Re: [PATCH bpf-next 0/9] xdp: Support multiple programs on a single interface through chain calls - Toke Høiland-Jørgensen

From: "Toke Høiland-Jørgensen" <toke@redhat.com>
To: Alexei Starovoitov <alexei.starovoitov@gmail.com>,
	Jesper Dangaard Brouer <brouer@redhat.com>
Cc: Song Liu <songliubraving@fb.com>,
	Daniel Borkmann <daniel@iogearbox.net>,
	Alexei Starovoitov <ast@kernel.org>, Martin Lau <kafai@fb.com>,
	Yonghong Song <yhs@fb.com>,
	Marek Majkowski <marek@cloudflare.com>,
	Lorenz Bauer <lmb@cloudflare.com>,
	David Miller <davem@davemloft.net>,
	"netdev\@vger.kernel.org" <netdev@vger.kernel.org>,
	"bpf\@vger.kernel.org" <bpf@vger.kernel.org>
Subject: Re: [PATCH bpf-next 0/9] xdp: Support multiple programs on a single interface through chain calls
Date: Thu, 03 Oct 2019 16:33:13 +0200	[thread overview]
Message-ID: <87pnjdq4pi.fsf@toke.dk> (raw)
In-Reply-To: <CAADnVQKTbaxJhkukxXM7Ue7=kA9eWsGMpnkXc=Z8O3iWGSaO0A@mail.gmail.com>

Alexei Starovoitov <alexei.starovoitov@gmail.com> writes:

> On Thu, Oct 3, 2019 at 1:53 AM Jesper Dangaard Brouer <brouer@redhat.com> wrote:
>>> The xdpcap use-case is to trap any XDP return action code (and tcpdump
>> via perf event ring_buffer).  For system administrators the xdpcap
>> use-case is something we hear about all the time, so one of the missing
>> features for XDP.  As Toke also wrote, we want to extend this to ALSO
>> be-able to see/dump the packet BEFORE a given XDP program.
>
> It sounds to me that 'xdpdump/xdpcap' (tcpdump equivalent) is
> the only use case both you and Toke are advocating for.
> I think such case we can do already without new kernel code:
> - retrieve prog_id of the program attached to given xdp ifindex
> - convert to fd
> - create prog_array of one element and store that prog_fd
> - create xdpump bpf prog that prints to ring buffer
>   and tail_calls into that prog_array
> - replace xdp prog on that ifindex
>
> Now it see all the traffic first and existing xdp progs keep working.
> What am I missing?

Yeah, that takes care of the "run xdpdump as the first thing" use case.
But we also want to be able to run it *after* another program, *without*
modifying that program to add a tail call.

More generally, we want to be able to chain XDP programs from multiple
sources in arbitrary ways.
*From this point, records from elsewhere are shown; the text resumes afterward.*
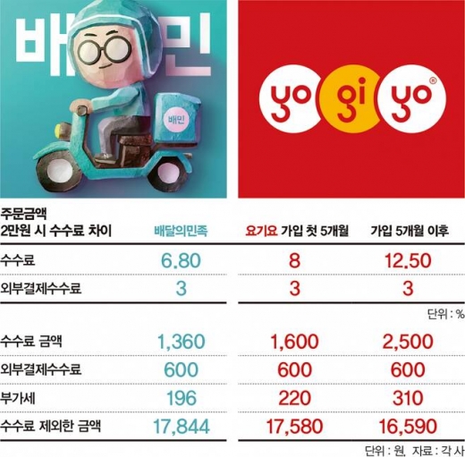 한달 매출이 2000만원이라고 가정할 때 배민에 지급해야 할 월 수수료는 200만원이 넘고 요기요에 내야할 수수료는 350만원에 육박하는 셈이다. 업주들은 “배민 수수료도 부담이지만 뭐니뭐니해도 이 구역 수수료 왕은 요기요”라고 입을 모은다.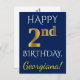 Blue, Faux Gold 2nd Birthday + Custom Name Postcard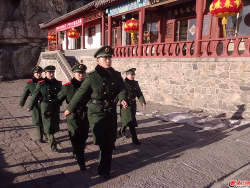 晚上8时30分,战士们接到通知,整装待发准备上岗。袁彩文目送着纪群伟和战友们离开的身影,想了想,又跟上了队伍,静静走在最后,远远地看着儿子的背影。从泰山中队驻地到碧霞祠大概有二十分钟路程,战士们走得很快,袁彩文跟得很吃力,气喘吁吁,却仍是没有放弃。战士们到达执勤地点后,袁彩文还是在寒风中远远的地方望着儿子,舍不得回去。母子二人就这样,默默地站在寒风中,战士守护着泰山、母亲守护着儿子。
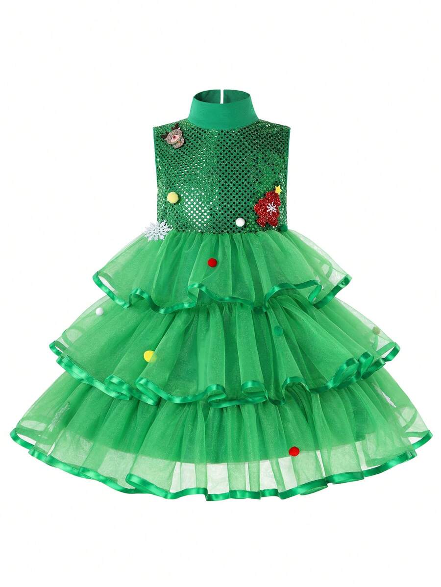 Little Girls' Mesh Splice Layered Hem Formal Dress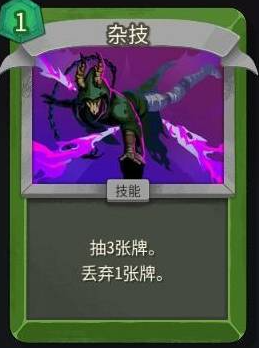 构筑该流派时,战术大师与杂技两张卡构成不可替代的双核。杂技未升级时可抽3弃1,升级后变为抽4弃1,是整套卡组维持节奏的核心过牌手段;战术大师则在升级前提供1点能量,升级后提升至2点能量——每次成功弃牌即稳定获取能量收益。但需注意:单次触发该联动会额外生成两张待处理卡牌,因此需搭配生存者等弃牌辅助卡,或利用背包类能力进行资源消化。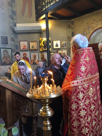 На утрене Всенощного бдения, после чтения Евангелия, настоятель помазал духовенство и прихожан освященным елеем.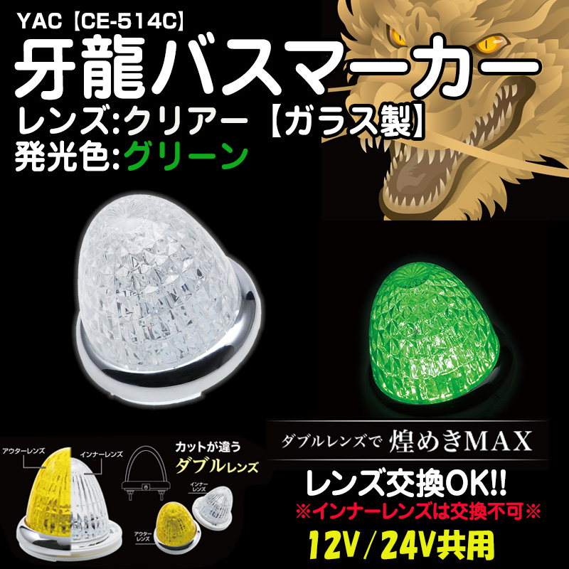 YAC牙龍バスマーカー 【ガラスクリアレンズ】グリーン12/24V共用(CE-514C)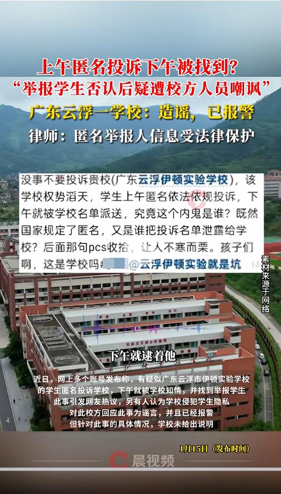 近日,网上多个账号发文称,有疑似广东云浮市伊顿实验学校的学生匿名投诉学校,下午就被学校得知,并找到举报学生,事件引发网友热议,另有人认为学校侵犯学生隐私。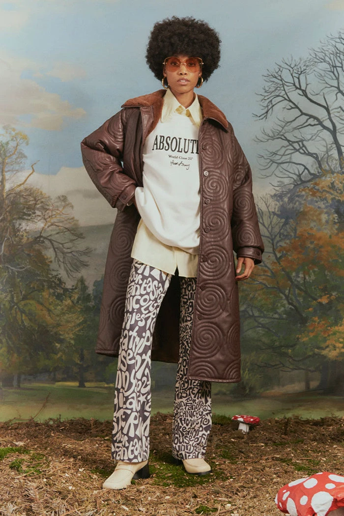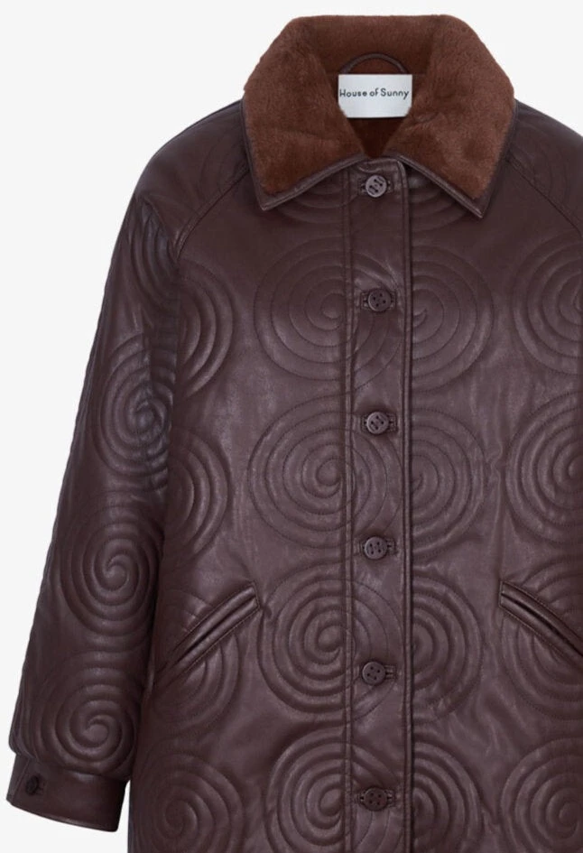 House of Sunny vegan leather Cosmo forever & ever, swirl quilted overcoat in rich chocolate brown. Fully faux fur lined, HOS logo embroidered on back.Â

Let me try to provide a more fleshed-out
usage example:

Say a distro ships MyFirewall and MyIDS, two different upstream
projects, both of which support XDP acceleration. MyFirewall has
specified in its documentation that its XDP program will return XDP_PASS
for anything that it has determined should not be dropped. So the
sysadmin decides he wants to enable both, and of course he wants both to
be XDP-accelerated.

This particular sysadmin doesn't want to expend IDS resources on traffic
that the firewall has already decided to drop, so he'll just install the
firewall first, and then run the IDS on any traffic that gets XDP_PASS.
So he installs IDS as a chain-call XDP program on the XDP_PASS action
after the firewall.

Another sysadmin might be more paranoid (or have more CPU resources
available), and so he wants to run the IDS first, and the firewall
afterwards. So he installs the two XDP programs in the reverse order, by
chaining the firewall to the IDS' XDP_PASS action.

At the same time, the sysadmin wants to inspect what the firewall is
actually dropping, so he fires up xdpdump and tells it to show him
everything dropped by the firewall. The xdpdump tool does this by
attaching itself as a chain call program to the XDP_DROP action of the
firewall program.

In all cases, the sysadmin can't (or doesn't want to) modify any of the
XDP programs. In fact, they may just be installed as pre-compiled .so
BPF files on his system. So he needs to be able to configure the call
chain of different programs without modifying the eBPF program source
code.

This is basically what we're trying to support with XDP chain calls
(which I guess is now turning into more general eBPF chain calls). I
think it is doable with something based on the BPF_PROG_CHAIN_* series
you posted a link to earlier; but instead of having an explicit
tail_call_next() helper, I'll just make the verifier insert the chain
calls before each BPF_EXIT instruction when this feature is turned on.
Do you see any reason why this wouldn't work?

-Toke